Eventually I came out to a paved path and a sign to the Wallace Monument. That was a pretty steep path up, too, and I took it up to this

As you can see, the day is overcast. At some point I'll take a picture of the monument from the ground so you can see how far up I went to get to this. I'm not sure which path was only 1/2 k, but it was much farther the way I ended up going.

Once at the monument, a kindly knight told me the tales of William Wallace (which I already knew from Magnus Magnusson's history of Scotland).

Then I went inside the monument and paid £6 for access to the stairs. There are 234 stairs. After the first third there was a room with some displays and video. The room was incredibly dark and obviously I haven't really figured out how to get my camera to deal with that, but here is a poor attempt at taking a picture of Wallace's sword.

The narrow, winding, stone stairs freaked me out, so I didn't go any higher. Back down I went and took in the view from the front of the monument.

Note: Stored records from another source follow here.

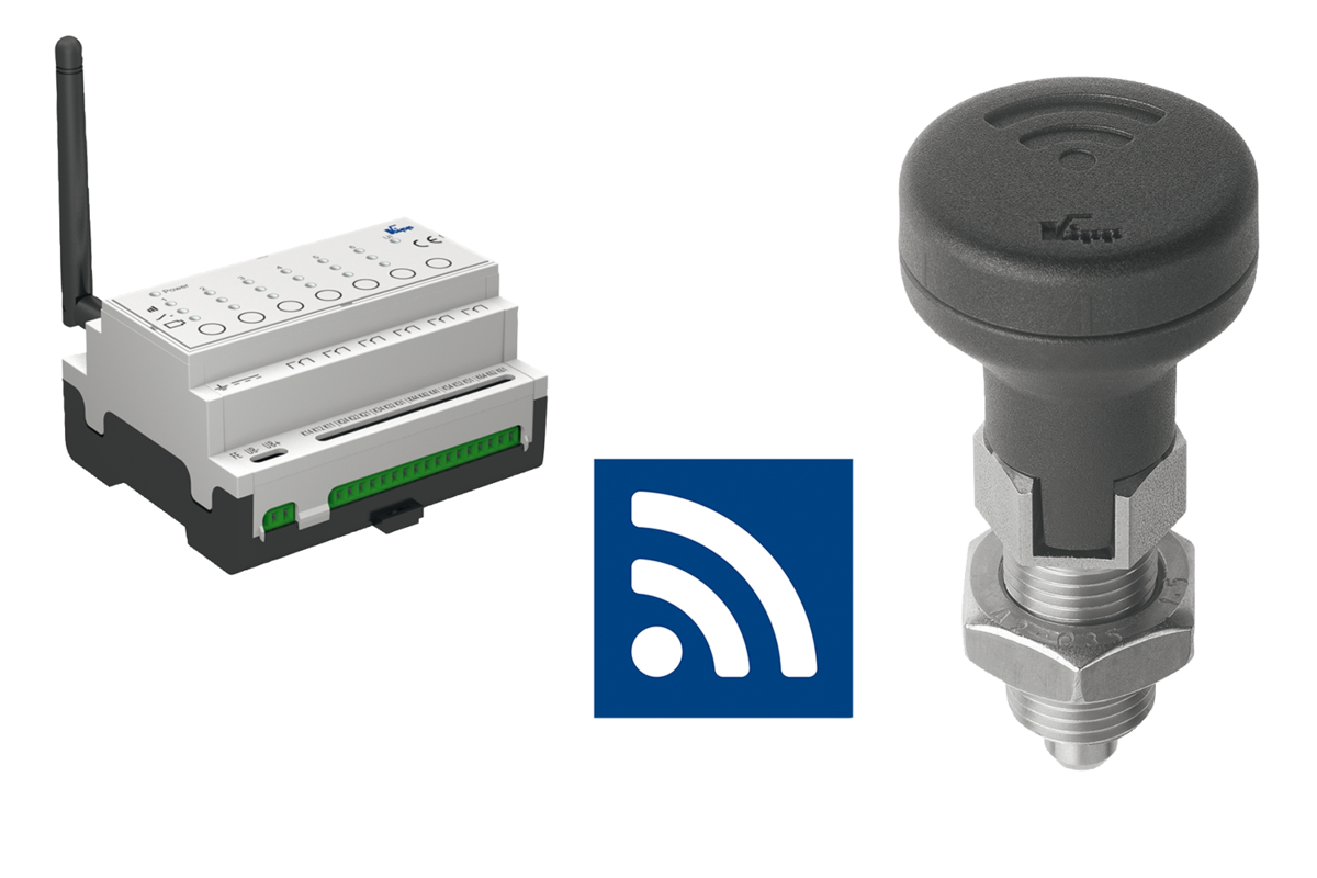 The combination of indexing plunger with status sensor and Gateway enables the signal to be processed in e.g. a machine control system.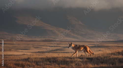 © tiagozr, Fototapeta premium Ethiopian wolf walking through highland grassland.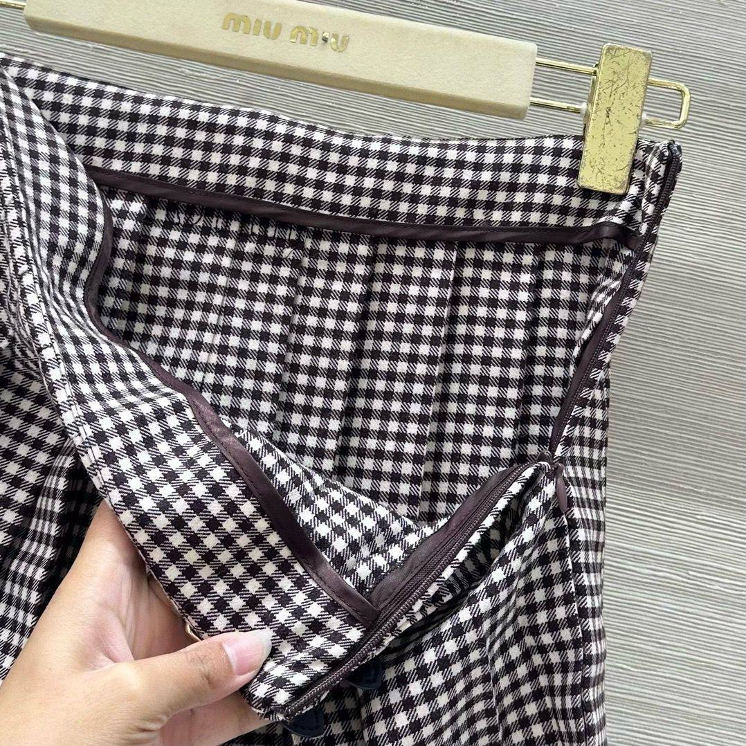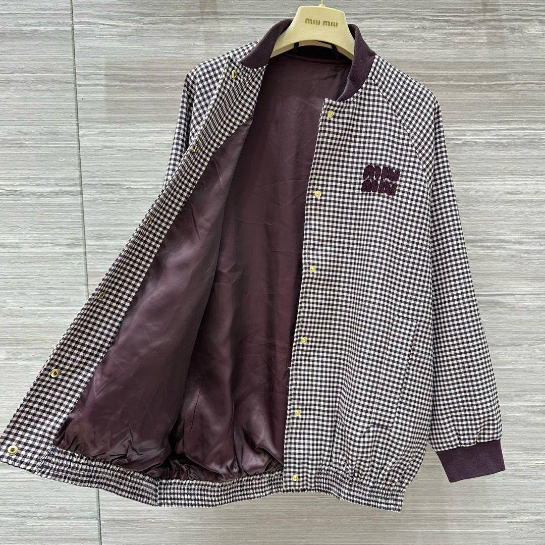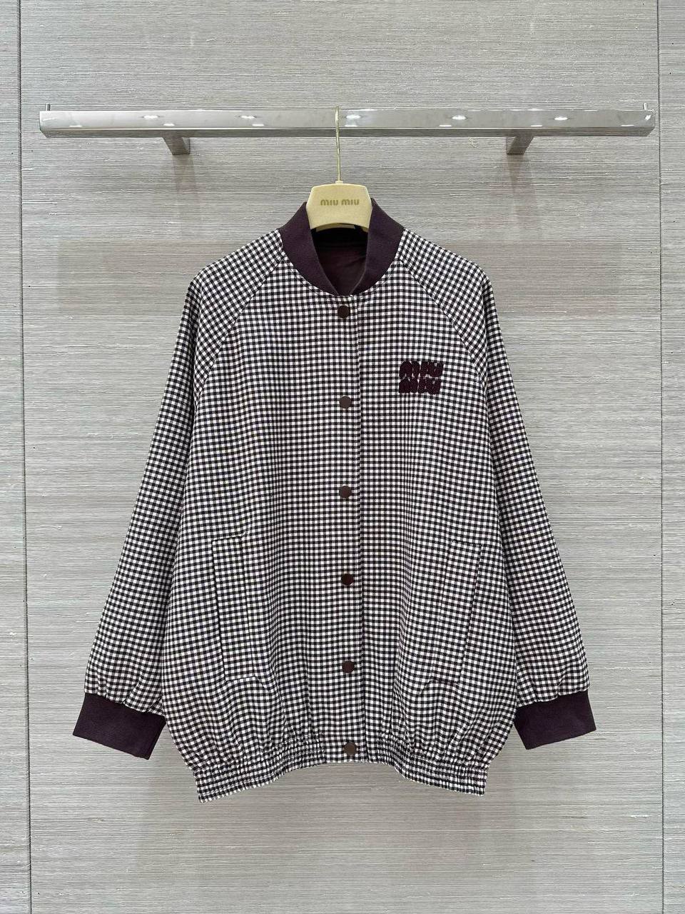Бомбер Miu Miu LUX-115111 — это стильный предмет гардероба в стиле casual. Бомбер выполнен в клетчатом принте, сочетающем коричневые и белые тона, с контрастными манжетами и воротником. Этот предмет одежды идеально подходит для создания повседневных образов, добавляя нотку элегантности.

You could also see Stirling Castle through the mist, but the picture didn't load in the right place. It is down below.

I could have walked down the paved path to the parking lot (car park), but then I would have no idea where I was or how to get home. So I found my way back again through the woods and past the sheep, back past the door to the garden behind Craigmill House (yes, that's my finger in the picture!)

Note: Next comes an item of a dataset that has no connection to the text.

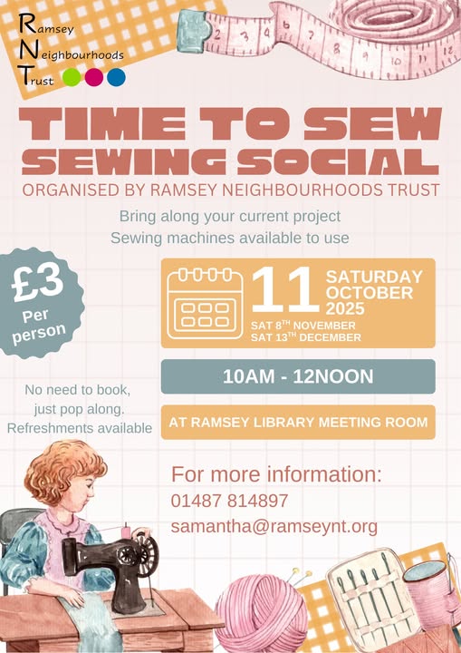 🧵✨ Happening Today – Time to Sew Sewing Social! ✨🧵 Looking for a cosy, creative way to spend your Saturday morning? Come join us at the Ramsey Library for our friendly sewing social! (fb)

(This is the castle. The lighter part is the newly renovated Great Hall)

Finally, a couple of hours later, I was back at the gate where it all began.

And now I'm back from a trip to the grocery store. I felt really stupid. With different brands and different packaging, I had no idea what was in any of the containers. I've not had coffee since I've been here. It seems that the Butterfields (who are currently out on a boat) took the coffee maker with them. So there's only instant in the house. I've made do with tea.

I'm going to experiment with tunafish salad, but there was not a scrap of pickle relish to be found in the store. No sweet pickles to cut up either. There was some sort of brown stuff that claimed to be related to pickles. I got some and will see what it is and if it can go in tuna salad. I did find cinnamon/raisin bagels and cream cheese, so that made for a happy trip. And salad comes in bags there, too. They even had Tropicana Orange Juice.

The afternoon tea tradition is a nice thing. I don't know if the Scots practice it, but the senior Mrs. Butterfield, who is here, is from London, so we have tea about five pm. I am enjoying her company.

Tomorrow morning I will pick up the car, so if there are no more postings for awhile, you'll know I didn't get the hang of that left side of the road thing. I did discover on the paved walk up to the monument that the left side applies to walking as well as driving.